*Problem requirements*:
This exercise calls for retyping every line below exactly, with the images omitted.

(Data extracted from a collection)
______________________________

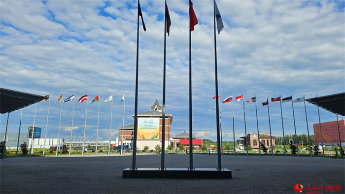 中白工業(yè)園內(nèi),多國國旗飄揚。園區(qū)已有來自16個國家和地區(qū)的企業(yè)入駐。人民網(wǎng)記者 朱虹攝
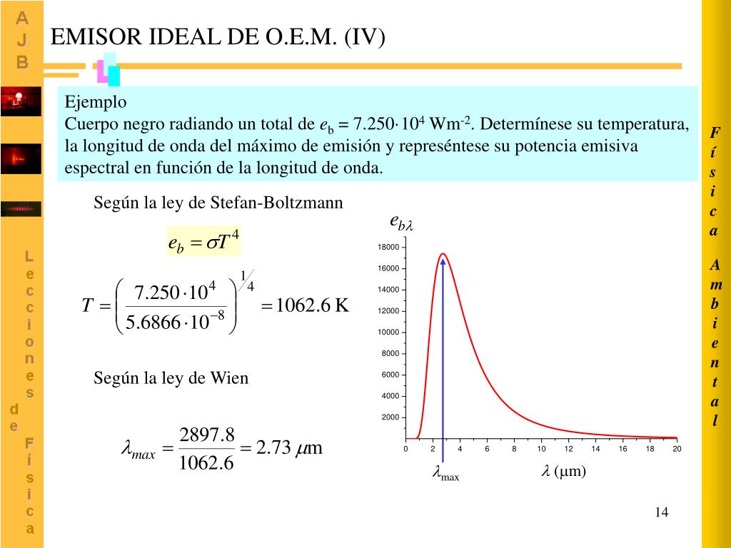 Física Ambiental EMISOR IDEAL DE O.E.M. (III) Ley de Stefan-Boltzmann La potencia emisiva de un cuerpo negro dentro de un ancho de banda d es eb·d. La potencia emisiva total eb es la radiación que abandona el cuerpo negro a todas las longitudes de onda, y está dada por: (W·m-2) Constante de Stefan-Boltzmann = 5.6866·10-8 W·m-2K-4 Ley de desplazamiento de Wien La longitud de onda correspondiente al máximo de emisión es inversamente proporcional a la temperatura. (m)
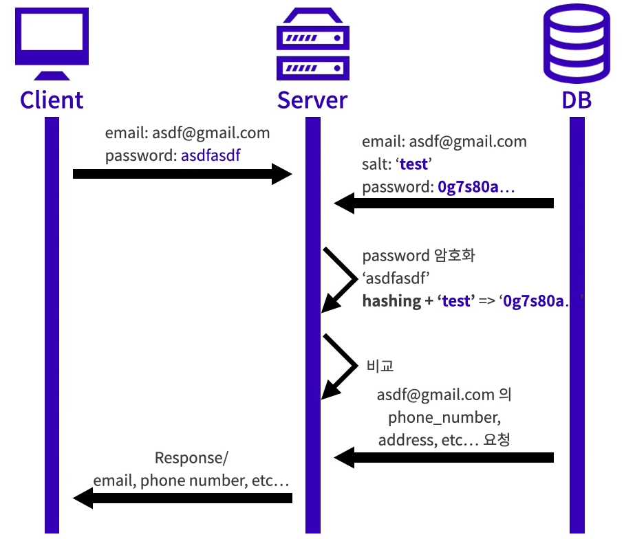 -> 요청 받은 비밀번호의 해싱값과 DB 에 저장되어 있는 해싱된 비밀번호의 대조
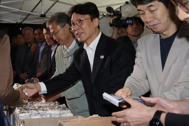 김민석 국무총리가 10일 구로구 남구로 새벽인력시장을 찾아 `종합지원 이동 상담버스`를 둘러보고 근로자들에게 떡을 나눠주고 있다.
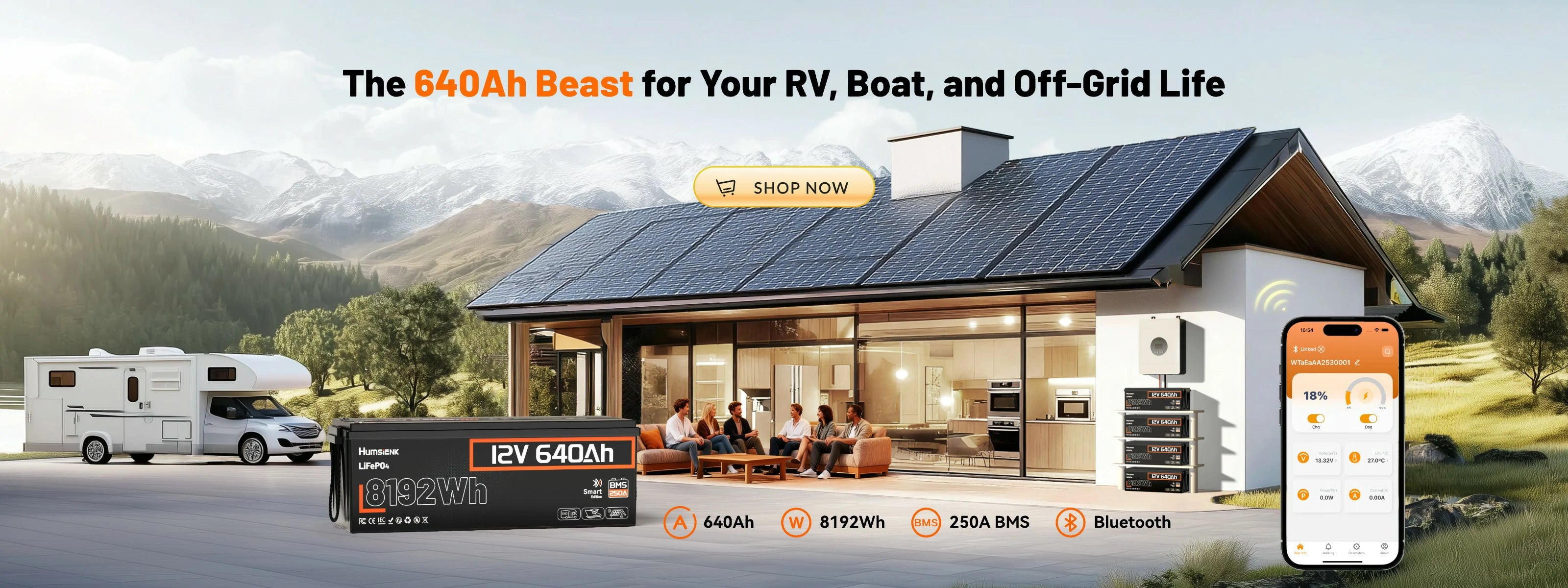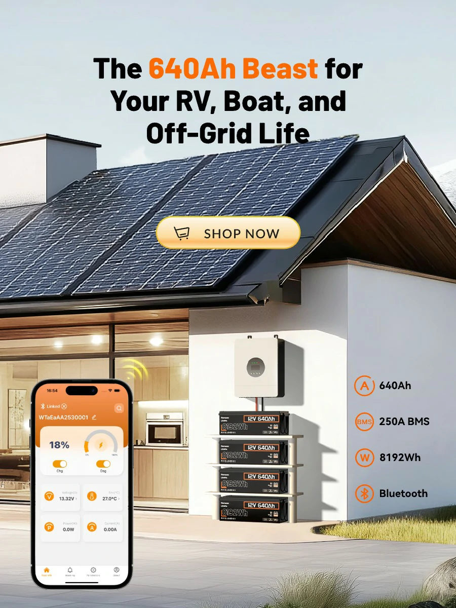 Humsienk 12V 640Ah Bluetooth LiFePO4 Battery 8.19kWh Mega Power with 250A BMS Protection for RVs

______________________________

*Answer*:
 中白工業(yè)園內(nèi),多國國旗飄揚。園區(qū)已有來自16個國家和地區(qū)的企業(yè)入駐。人民網(wǎng)記者 朱虹攝
 Física Ambiental EMISOR IDEAL DE O.E.M. (III) Ley de Stefan-Boltzmann La potencia emisiva de un cuerpo negro dentro de un ancho de banda d es eb·d. La potencia emisiva total eb es la radiación que abandona el cuerpo negro a todas las longitudes de onda, y está dada por: (W·m-2) Constante de Stefan-Boltzmann = 5.6866·10-8 W·m-2K-4 Ley de desplazamiento de Wien La longitud de onda correspondiente al máximo de emisión es inversamente proporcional a la temperatura. (m)
 -> 요청 받은 비밀번호의 해싱값과 DB 에 저장되어 있는 해싱된 비밀번호의 대조
 김민석 국무총리가 10일 구로구 남구로 새벽인력시장을 찾아 `종합지원 이동 상담버스`를 둘러보고 근로자들에게 떡을 나눠주고 있다.
 Humsienk 12V 640Ah Bluetooth LiFePO4 Battery 8.19kWh Mega Power with 250A BMS Protection for RVs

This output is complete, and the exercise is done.